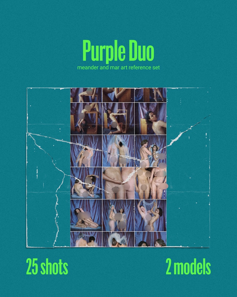 Purple Duo Reference set on analog film. 25 clear and detailed shots of two life drawing models meeting each other. Purple silk fabric, wood and skin. Mar art model and I have made an intimate series of photographs for you to draw from and purchase for artistic reasons only. This is the whole set, so the purple duo and violeta together. Half of the set is duo and half of the set is Mar art model by @Meandering.images
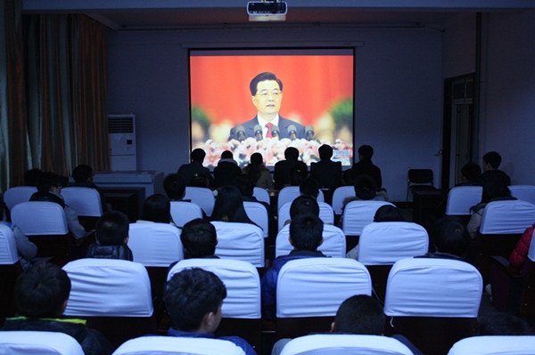 同学们认真听取了胡锦涛总书记的大会总结。了解了中国近5年来经济、政治、国防方面获得的成绩以及存在的不足,明确了我们在新时期的目标,更加坚定了同学们努力学习,报效祖国的伟大决心。
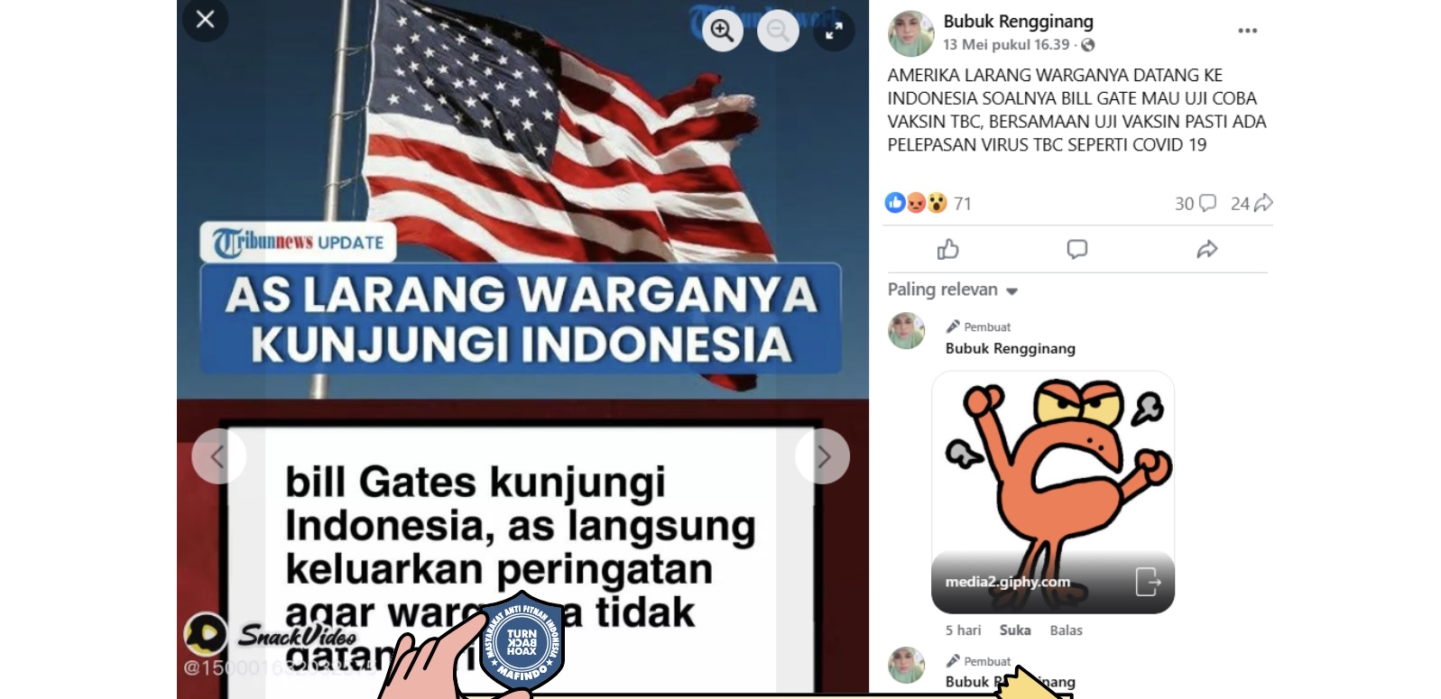 Unggahan berisi klaim “AS larang warga negaranya ke Indonesia karena ada uji coba vaksin TBC dari Bill Gates” merupakan konten yang menyesatkan. (Knu)

* [EXERCISE DIRECTIONS]: Output all the data, exactly, without images.

* [RESULT OF THIS TASK]:
 Purple Duo Reference set on analog film. 25 clear and detailed shots of two life drawing models meeting each other. Purple silk fabric, wood and skin. Mar art model and I have made an intimate series of photographs for you to draw from and purchase for artistic reasons only. This is the whole set, so the purple duo and violeta together. Half of the set is duo and half of the set is Mar art model by @Meandering.images
 同学们认真听取了胡锦涛总书记的大会总结。了解了中国近5年来经济、政治、国防方面获得的成绩以及存在的不足,明确了我们在新时期的目标,更加坚定了同学们努力学习,报效祖国的伟大决心。
 Unggahan berisi klaim “AS larang warga negaranya ke Indonesia karena ada uji coba vaksin TBC dari Bill Gates” merupakan konten yang menyesatkan. (Knu)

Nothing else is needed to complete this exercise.